The D Brief: Z threatens Russian troops; Austin on Afghanistan; Deadly riot in Iraq; Fix the interpreter-visa program; And a bit more...

Run for your lives. That’s the message Ukrainian President Volodymyr Zelenskyy sent to Russian troops late Monday night, after the apparent start of the long-awaited counteroffensive in Ukraine’s south. 

“If they want to survive, it’s time for the Russian military to run away. Go home. Ukraine is taking back its own (land),” Zelenskyy said, according to Reuters, which has video of part of his speech, here

The Russian government has a different view of the situation, of course: They say they’ve repelled Ukrainian attacks and will continue to push forward with their invasion. “All our goals will be reached,” said Kremlin spokesperson Dmitry Peskov, Reuters reported.  

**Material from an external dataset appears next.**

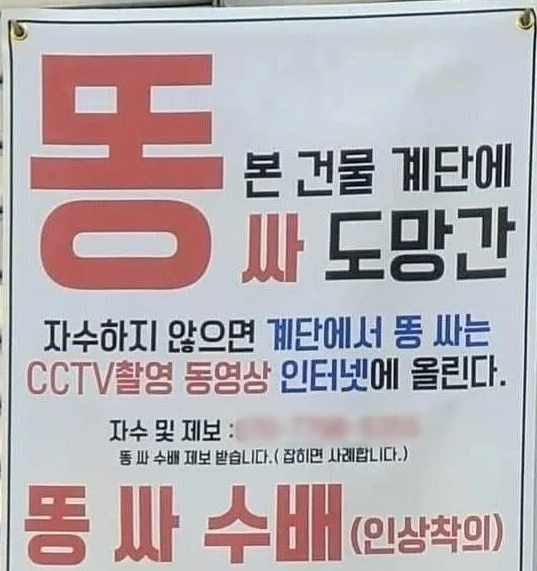 “저희 건물 2층 계단에서 시원하게 ‘대변’ 싼 남자 자수 하세요”.. 현수막 내걸었다(feat.대전) “저희 건물 2층 계단에서 시원하게 ‘대변’ 싼 남자 자수 하세요”.. 현수막 내걸었다(feat.대전) ADVERTISEMENT 대전)"> 대전에서 한 남성이 건물 계단에 대변을 본 뒤 처리하지 않고 달아나는 어이없고 황당한 사건이 벌어졌다. 21일 커뮤니티 더쿠에 ‘똥 싸고 도망간 사람 박제’라는 게시글이 작성되어 게시됐다. 이하 커뮤니티 ‘더쿠’ 해당 게시글 작성자A씨는 는 대전의 한 건물에 내걸린 현수막의 사진을 게재했다. ADVERTISEMENT 현수막에는 “본 건물 계단에 똥 싸고 도망간 (사람) 자수하지 않으면 계단에서 똥 싸는 CCTV 촬영 동영상 인터넷에 올린다”라는 현수막 안에 내용이 담겨져 있다. 이하 커뮤니티 ‘더쿠’ 또, “2021년 9월 29일 오후 4시 56분쯤 본 건물 2층 계단에 똥을 쌌다. 닦지도 않고 도망갔다”라며 자세한 사건 배경과 자세한 남성의 인상착의 등을 공개했다. ADVERTISEMENT 기사와 관련 없는 이미지/구글이미지 이 현수막을 올린 당사자는 21일 조선일보와의 통화에서 “대변을 보고 그냥 가서 내가 직접 치웠다. 아직 자수하지 않았다. 꼭 자수하길 바란다”라고 밝혔다. ADVERTISEMENT 당사자 A씨는 이 건물 3층의 입주자다. 구글이미지 이 남성은 건조물침입죄에 처할 수 있는데, 그 이유는 타인 소유의 건물에 무단으로 들어가 대변을 봤기 때문이다. ADVERTISEMENT 하지만 대변을 본 행위 자체는 노상방뇨에 해당하는 경범죄로 처벌이 비교적 가볍다. [저작권자 VONVON/ 무단복사, 무단전재 및 재배포 금지 (위반 시 법적조치)]

Fact-check: Ukraine has “increased the weight of artillery fires” across southern Ukraine and continues to disrupt Russian supply lines with long-range strikes, the British Defence Ministry noted in an intelligence update posted Tuesday on Twitter. While it’s not possible to determine “the extent of Ukrainian advances,” the ministry said, Russia has been reorganizing its forces since the beginning of the month, and most Russian units around Kherson are “likely under-manned.”

Tricky, tricky, tricky. Ukraine has been using decoy artillery batteries to trick Russia into using its long-range cruise missiles, the Washington Post reports. The wooden dummies—built to look like advanced weapons systems sent by the U.S.—have drawn “at least 10 Kalibr cruise missiles,” according to a Ukrainian official. The replicas may also explain why, according to one U.S. diplomat, Russia has “claimed to have hit more HIMARS than we have even sent.” 

The White House is calling for a demilitarized zone around the Zaporizhzhia nuclear plant. “A nuclear power plant is not the appropriate location for combat operations,” National Security Council spokesman John Kirby told reporters Monday, adding that the U.S. also believes the power outage last week shows why “a controlled shutdown” of the plant’s nuclear reactors is necessary immediately. You’ll recall that a team from the International Atomic Energy Agency is on its way to inspect that plant now.  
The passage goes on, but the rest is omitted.